── Records for the exercise

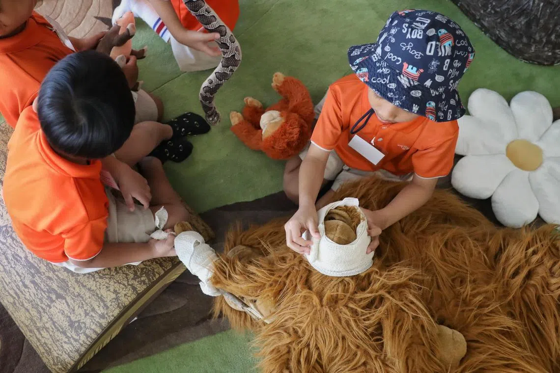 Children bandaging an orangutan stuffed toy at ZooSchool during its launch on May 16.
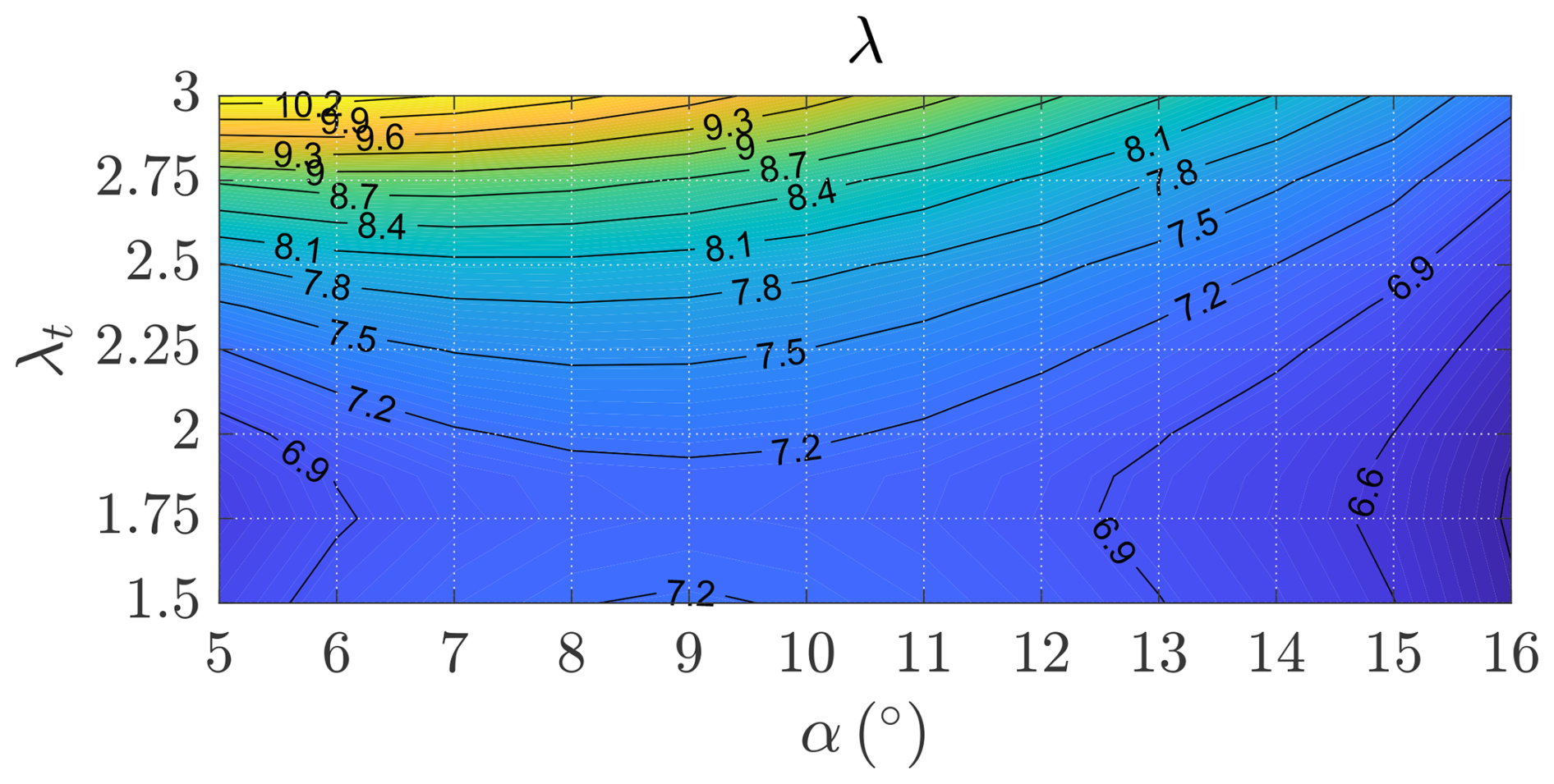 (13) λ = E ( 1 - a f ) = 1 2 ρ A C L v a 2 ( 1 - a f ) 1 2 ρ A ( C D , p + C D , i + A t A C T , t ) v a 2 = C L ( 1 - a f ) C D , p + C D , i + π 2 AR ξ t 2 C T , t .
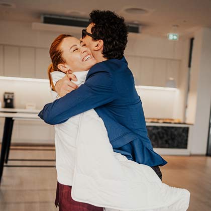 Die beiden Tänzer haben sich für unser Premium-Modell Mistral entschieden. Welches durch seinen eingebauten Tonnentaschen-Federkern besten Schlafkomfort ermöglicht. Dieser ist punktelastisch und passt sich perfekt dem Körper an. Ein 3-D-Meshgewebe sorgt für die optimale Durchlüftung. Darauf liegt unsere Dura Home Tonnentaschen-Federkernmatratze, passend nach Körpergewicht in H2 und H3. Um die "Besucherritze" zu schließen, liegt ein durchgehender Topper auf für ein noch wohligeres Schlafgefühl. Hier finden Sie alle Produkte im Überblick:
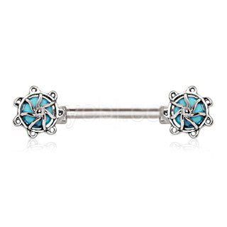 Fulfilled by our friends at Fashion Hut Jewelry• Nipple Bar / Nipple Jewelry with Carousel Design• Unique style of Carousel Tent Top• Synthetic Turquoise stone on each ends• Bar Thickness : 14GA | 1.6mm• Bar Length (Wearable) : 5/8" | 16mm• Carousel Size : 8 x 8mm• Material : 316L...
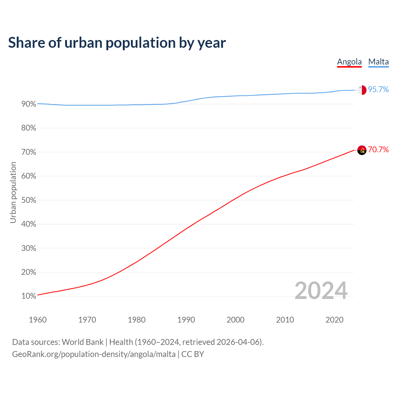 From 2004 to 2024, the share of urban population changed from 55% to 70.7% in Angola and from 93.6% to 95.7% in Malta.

────

**Task goal**: The records above are to be reproduced exactly; the pictures are to be left out.

**Written response**:
 Children bandaging an orangutan stuffed toy at ZooSchool during its launch on May 16.
 (13) λ = E ( 1 - a f ) = 1 2 ρ A C L v a 2 ( 1 - a f ) 1 2 ρ A ( C D , p + C D , i + A t A C T , t ) v a 2 = C L ( 1 - a f ) C D , p + C D , i + π 2 AR ξ t 2 C T , t .
 Die beiden Tänzer haben sich für unser Premium-Modell Mistral entschieden. Welches durch seinen eingebauten Tonnentaschen-Federkern besten Schlafkomfort ermöglicht. Dieser ist punktelastisch und passt sich perfekt dem Körper an. Ein 3-D-Meshgewebe sorgt für die optimale Durchlüftung. Darauf liegt unsere Dura Home Tonnentaschen-Federkernmatratze, passend nach Körpergewicht in H2 und H3. Um die "Besucherritze" zu schließen, liegt ein durchgehender Topper auf für ein noch wohligeres Schlafgefühl. Hier finden Sie alle Produkte im Überblick:
 Fulfilled by our friends at Fashion Hut Jewelry• Nipple Bar / Nipple Jewelry with Carousel Design• Unique style of Carousel Tent Top• Synthetic Turquoise stone on each ends• Bar Thickness : 14GA | 1.6mm• Bar Length (Wearable) : 5/8" | 16mm• Carousel Size : 8 x 8mm• Material : 316L...
 From 2004 to 2024, the share of urban population changed from 55% to 70.7% in Angola and from 93.6% to 95.7% in Malta.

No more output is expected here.